The 1890s and 1900s saw the expansion of logging in the Snoqualmie Valley. In 1906, the North Bend Lumber Company constructed a logging mill on Boxley Creek, a tributary of the South Fork Snoqualmie. Adjacent to the watershed, the Chester Morse Lake (draining into the Cedar River) was dammed in the mid-1910s, causing water levels to rise dramatically. Seepage into a glacial moraine allowed the lake and the Cedar watershed to indirectly feed the nearby Rattlesnake Lake and Boxley Creek, tributaries of the South Fork Snoqualmie. In December 1918, a heavy storm caused the lake to burst through the moraine and flood Boxley Creek (an event dubbed the Boxley Burst), destroying the logging community of Edgewick and causing hundreds of thousands of gallons of water and sediment to drain into the South Fork Snoqualmie.
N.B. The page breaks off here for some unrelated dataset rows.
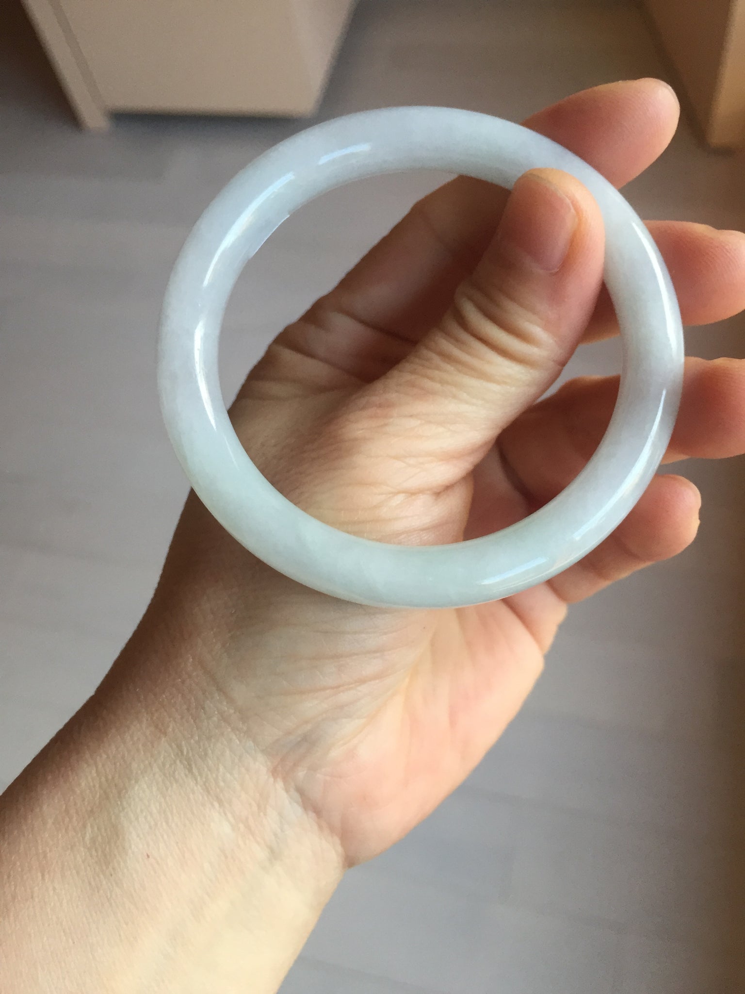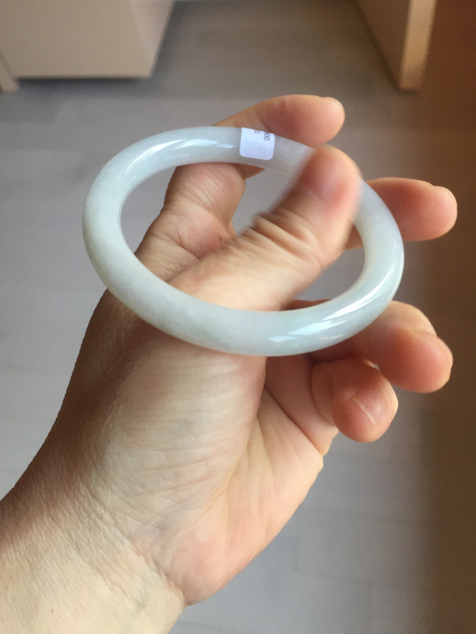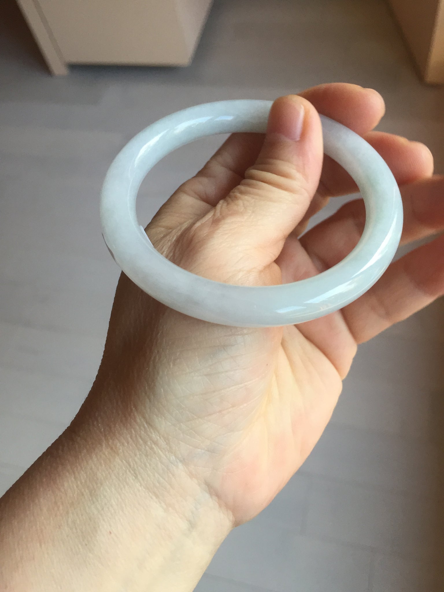 Some surface cracks with very tiny amount of wax. The bangle is solid(Guaranteed). Make high pitch sound when tapped. Some small rough surfaces/rough spots may with fissures or scratches. Some hairlines, cotton lines, cotton spots, and cotton areas. The purple is super light. lighter than in the photos due to the purple color always more camera friendly.
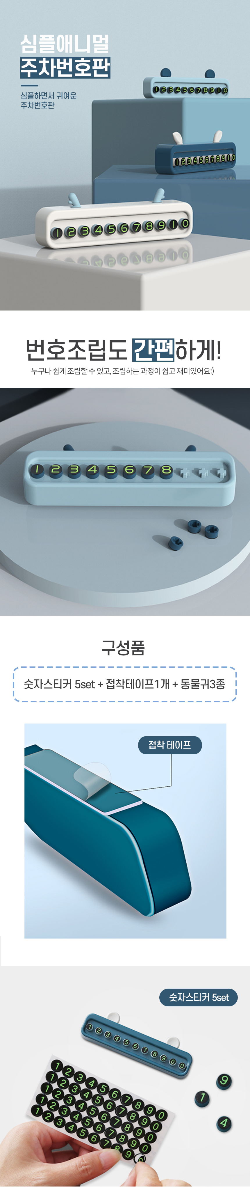 차량용 주차번호판 차량용 조립 심플 애니멀 번호 귀여운 차꾸미기 차꾸템
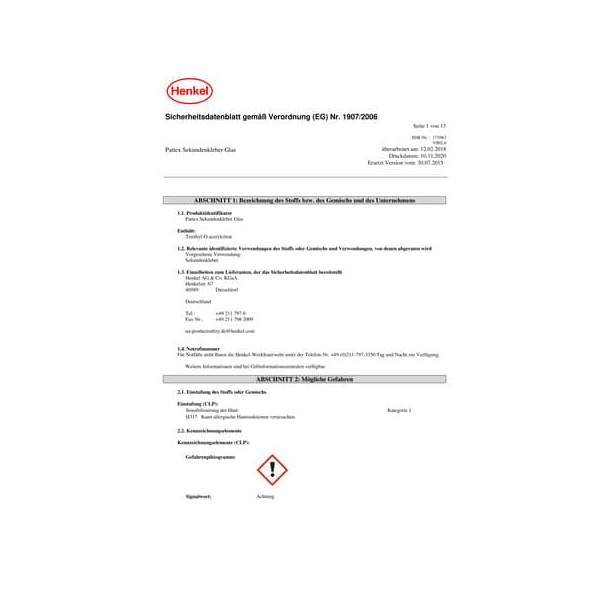 EUH202 Cyanacrylat. Gefahr.
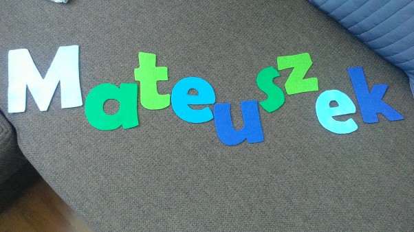 na poczatek zrobilam kolorowy pojedynczy napis z imieniem, jeszcze tylko pozostalo mi zszyc wszystko razem i powiesic :)
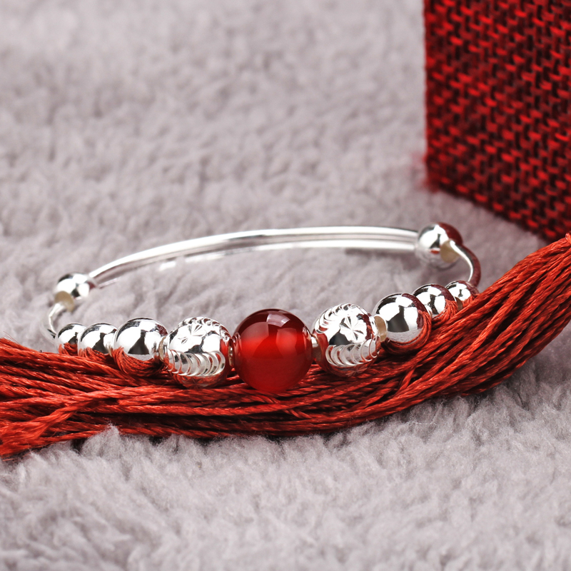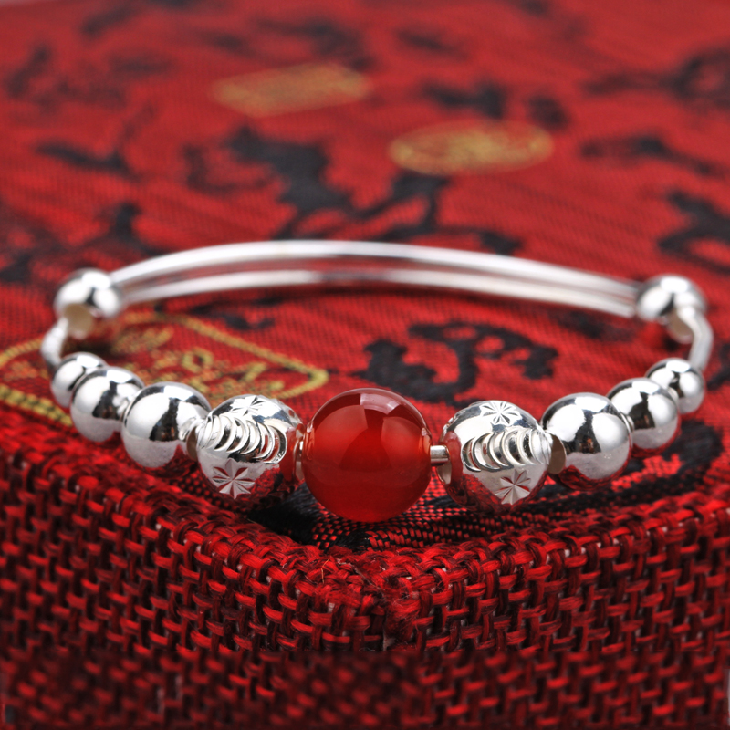 Transporter beads Agate Baby silver Bracelet 990 Sterling Silver Bracelet for men and women full moon child baby child gift silver jewelry
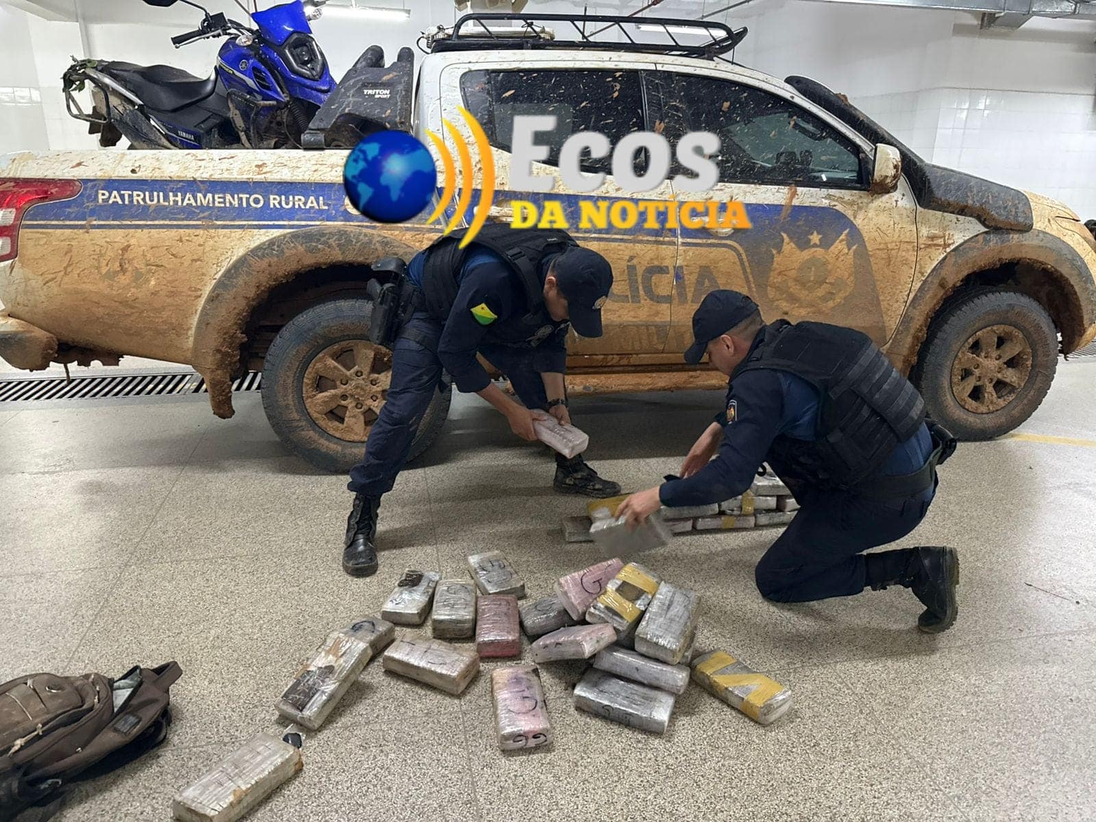 Em buscas realizadas em uma área de mata nas proximidades, foram encontradas duas mochilas contendo 34 barras de maconha. Diante do material, os abordados admitiram que faziam o transporte da droga para uma terceira pessoa.

A portion of the Milwaukee Road and an accompanying postal telegraph line was constructed through the Snoqualmie Pass in 1909, following the South Fork for part of its route. Over the path of an old wagon road through Snoqualmie Pass and the South Fork valley, the Sunset Highway was constructed in 1915, allowing automobiles to pass through the Cascades. The road was paved by 1936, and the area became a popular rest stop for motorists crossing through the mountains. Logging activity greatly expanded in the region, boosted by the establishment of a Civilian Conservation Corps lumber camp in the South Fork valley east of North Bend in 1935. Interstate 90, a freeway, now follows the South Fork across 24 mi of its course, from North Bend to Snoqualmie Pass.